Lucien Saliber, président de l'Assemblée de Martinique
« Il faut que les sargasses soient traitées en haute mer, car cela relève de la responsabilité de l'État. Or nous avons créé un Groupement d'intérêt public (GIP) sous l'égide de l'État. Il a pour objectif de récupérer en amont les sargasses parce qu'une fois sur les côtes, elles doivent alors être gérées par la ville et représentent un risque sur la santé des individus. Et demain, c'est celui qui n'a pas prélevé les sargasses qui pourra être poursuivi, à savoir le maire. Nous avons une épée de Damoclès au-dessus de la tête, mais celle-ci n'a pas été posée par nous. »
« Nous représentons 92 % de la biodiversité française, mais qu'est-ce que ça nous rapporte ? »
Le Martiniquais Lucien Saliber souligne les similitudes entre les problématiques des Guadeloupéens, des Saint-Martinois, des Barthéloméens, des Guyanais et des Martiniquais. Le président de l'Assemblée de Martinique pose alors la question fatidique : « nous représentons 92 % de la biodiversité française, mais qu'est-ce que ça nous rapporte ? »
« Après tout, nous nous retrouvons seuls devant un certain nombre de difficultés et sommes dépourvus des moyens financiers qui nous permettraient d'y répondre. À titre d'exemple, la commune côtière du Prêcheur en Martinique doit être entièrement reconstruite.
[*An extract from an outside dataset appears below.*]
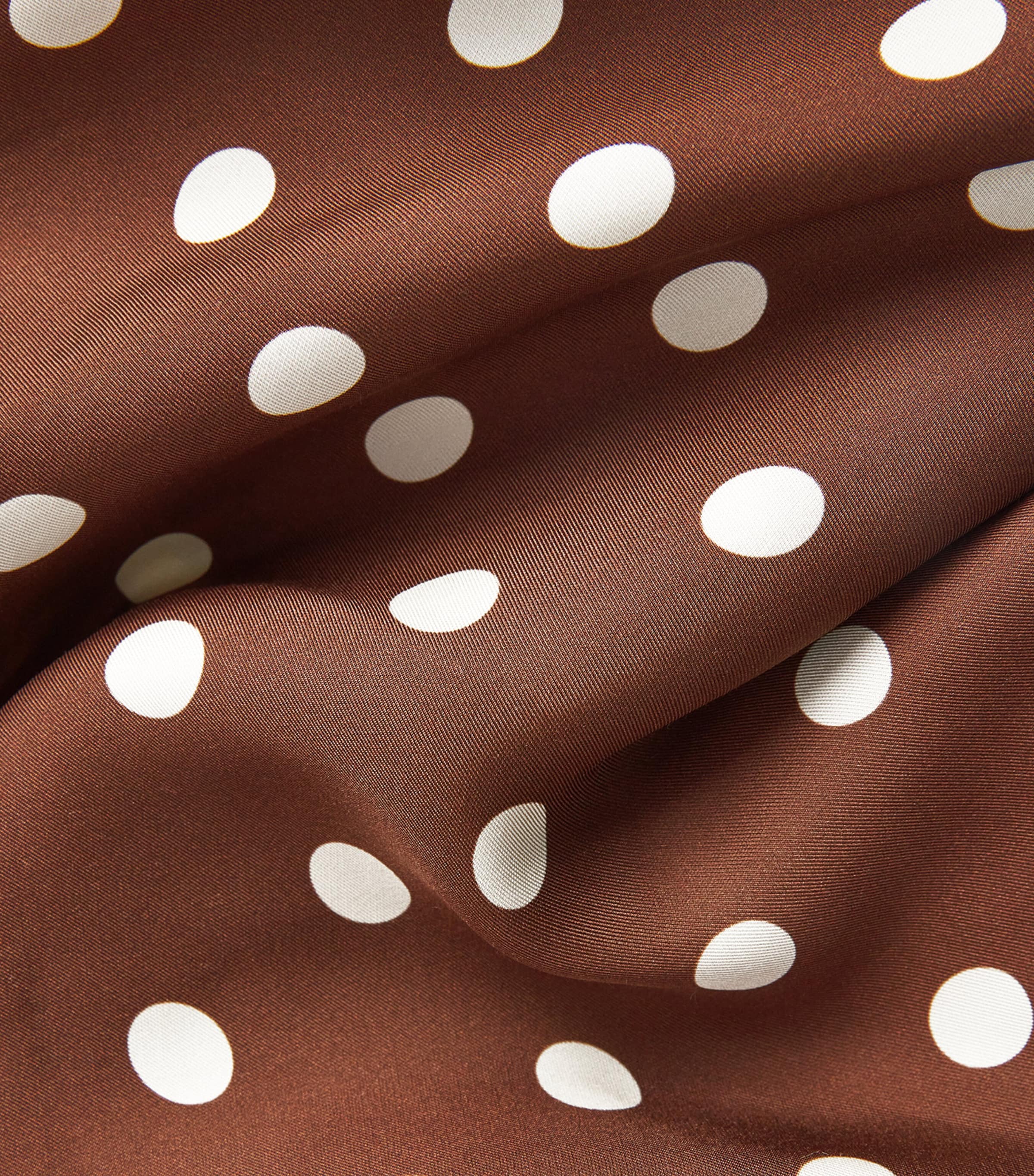 A bias-cut skirt provides a liquid drape. For flattering dresses with a retro feel, turn to DÔEN. The Californian brand loves to blend vintage prints with modern cuts to create dresses that will appeal to the contemporary woman: the polka dot motif on the silk-blend satin Lorraine midi dress is a case in point.

En juillet dernier, la houle de l'ouragan Beryl nous a touchés et toutes les maisons du littoral ont été emportées par la mer. Par conséquent, il nous faut absolument préparer et protéger notre population. Nous nous battons pour obtenir des permis de construire, sans y parvenir. Nous demandons des fonds chaque année, pourtant nous aurons 200 millions d'euros de moins cette année. Comment pouvons-nous, dans un tel contexte, arriver à réaliser des choses ? », poursuit-il.